= Joan Moore (phytopathologist) =

British botanist (1920–1986)

F. Joan Moore, c. 1978

Frances Joan Harvey Moore, OBE (known as Joan Moore; 1920 – 28 February 1986) was a British plant pathologist, science administrator and conservationist.

== Early life and education ==
Moore went to the City of London School for Girls and Maynard School, Exeter. She attended the University College of the South West (later the University of Exeter) for a year, and in 1940 went to University College London, which had relocated to Bangor during the Second World War. She graduated in botany with an upper second in 1942.

==Career==
Moore joined the Rothamsted Experimental Station in Harpenden, Hertfordshire, as a plant pathologist immediately after graduation, at first as a voluntary assistant, joining the staff in 1944. She initially worked on eyespot disease of wheat under Mary Dilys Glynne. She then worked under S. D. Garrett on fungal rot affecting stored potatoes, receiving a PhD from Imperial College, University of London, in 1945 for this work.

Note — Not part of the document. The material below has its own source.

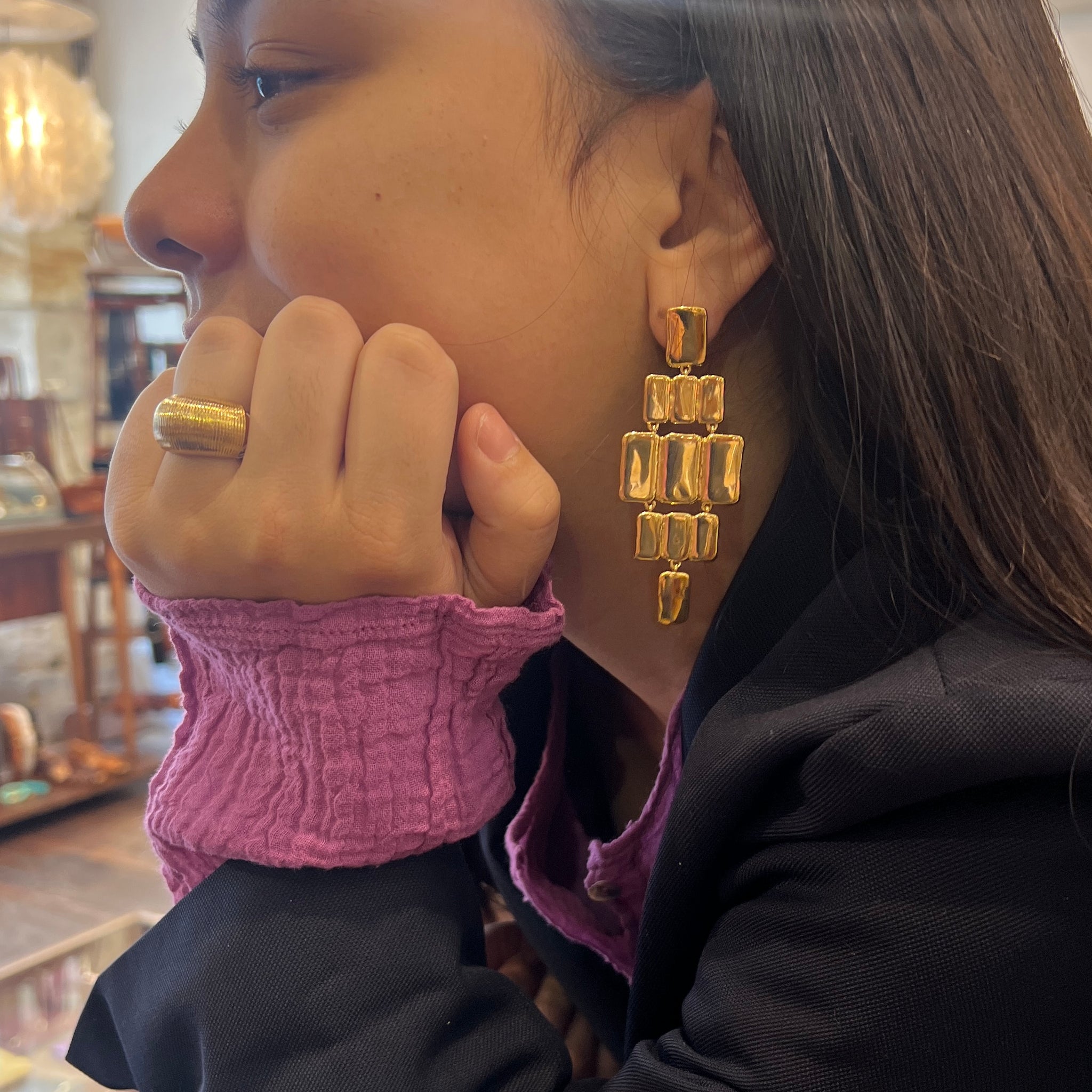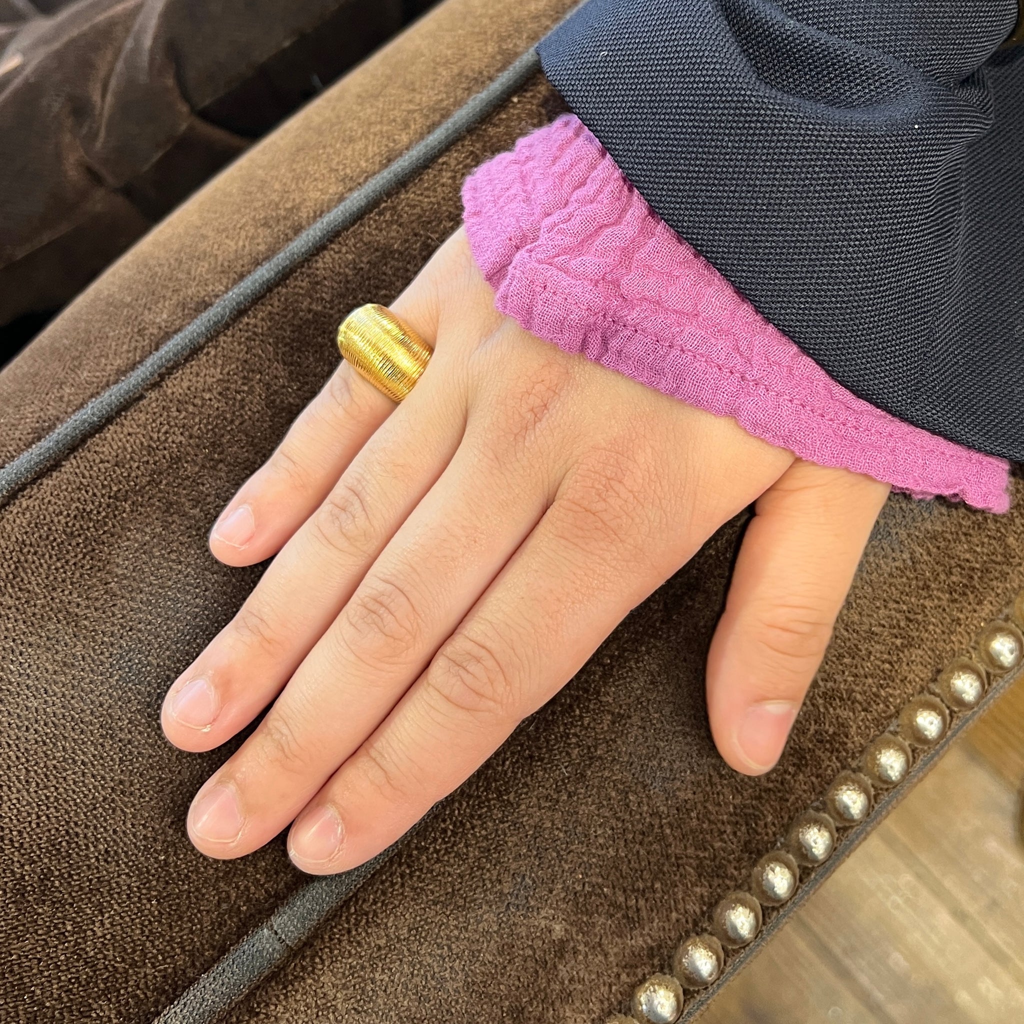 En laiton doré à l'or fin 18 carats, elle mesure 1,6cm de diamètre, 0,6cm de hauteur et 1,7cm de largeur.

Her thesis was entitled "Investigations on the fungi isolated from rotting potato tubers". After completing her PhD, she returned to research under Glynne on wheat eyespot, showing that the disease had become widely distributed in the UK.

Her focus turned to administration, and in 1947 she moved to the Ministry of Agriculture Plant Pathology Laboratory, also in Harpenden, under W. C. Moore (1900–1967), as assistant mycologist and, from 1948, mycologist to the government. In this role, Moore worked across diverse areas, including the diagnosis of plant disease, seed pathology and potato wart disease, as well as guiding government policy on such matters as the import and export of plants. In 1951, as Secretary of the laboratory's Publications Sub-Committee, she was involved in the foundation of the journal Plant Pathology. She became head of the Plant Disease Assessment Section in 1964. In this role, she guided global policy on assessing disease in plants via advising the United Nations.

In 1973, she obtained a senior position within the newly created Chief Scientist's Group at the Ministry of Agriculture and Fisheries headquarters in London, where she managed ministry-funded research on arable crops and plant sciences. She retired in 1980 or 1981, and was appointed an OBE.

Moore was an active member of the Association of Applied Biologists, the Institute of Biology, and the British Mycological Society, serving as president of the British Mycological Society in 1978. She was one of the founding members of the British Society for Plant Pathology, and helped to establish the Federation of British Plant Pathologists. She served on various committees of the National Institute of Agricultural Botany from 1965, holding a position on its council from 1980 until her death. During her retirement she also worked on administering research into grassland for the Natural Environment Research Council institutes. From 1983, she chaired the UK Cereal Pathogen Virulence Survey.

==Personal life==
Moore lived for her entire adult life in Harpenden, where she was active in conservation of Harpenden Common. She was a keen gardener, and served as Honorary Vice-President of the Harpenden Horticultural Society. She never married, living until 1981 with her widowed mother.

She died on 28 February 1986, in London.